The cleaning supply thing also indicates that some of y’all was nassssty. Hahahah.
They could have changed over equipment that was running similar products to run the Clorox wipes instead. The chemicals shouldn't be that big of a deal to increase production as long as you have the raw materials. I'd think the bigger hurdle is packaging constraints.
 
They could have changed over equipment that was running similar products to run the Clorox wipes instead. The chemicals shouldn't be that big of a deal to increase production as long as you have the raw materials. I'd think the bigger hurdle is packaging constraints.

It's all about 'lean' and 'JIT'. Keep as little safety stock as possible - both in manufacturing and packaging. A lot of these cleaning supply companies shifted from shipping individual cases of product to suppliers to pallets (40+ cases per pallet) of product overnight. That kind of outflow will consume the limited amount of safety stock you have in a heartbeat. The first week of the mass lock-downs, I drove past the Clorox DC up the road and there were trucks (both inbound and outbound) backed up almost a mile down the road waiting to get in. Drove by a week later and it was business as usual there. Haven't been by there since then to see what a 'normal' day looks like now.
 
It's all about 'lean' and 'JIT'. Keep as little safety stock as possible - both in manufacturing and packaging. A lot of these cleaning supply companies shifted from shipping individual cases of product to suppliers to pallets (40+ cases per pallet) of product overnight. That kind of outflow will consume the limited amount of safety stock you have in a heartbeat. The first week of the mass lock-downs, I drove past the Clorox DC up the road and there were trucks (both inbound and outbound) backed up almost a mile down the road waiting to get in. Drove by a week later and it was business as usual there. Haven't been by there since then to see what a 'normal' day looks like now.
Right, shifting over so few chemical production lines might not be a big deal (could be done within a week if there's no special tooling that needs to be made). Coating lines could be tougher unless they had excess capacity there and only needed headcount to operate it.

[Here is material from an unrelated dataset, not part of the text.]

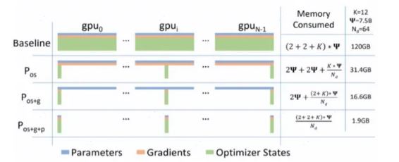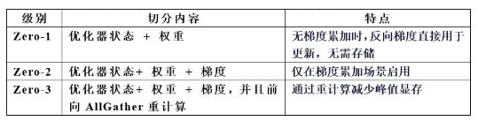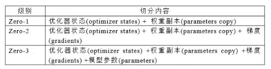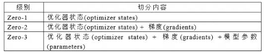 DeepSpeed提出Zero概念时,就对权重、梯度、优化器状态的分级切分给了严格的定义,如下表如下:

The suppliers for packaging would be the biggest hurdle, but they may have a similar situation where other product lines went dead and left excess capacity available to pick up the slack for Clorox bottles, etc. Again, machine conversion costs and specialized tooling/molds could be the biggest challenges in order to shift available capacity over. It's also why you generally keep 2-3 qualified suppliers for your main materials in order to help squeeze or extra capacity when one falters.

Wouldn't expect any modern manufacturer to keep tons of cash tied up in safety stock and taking up precious warehouse floorspace.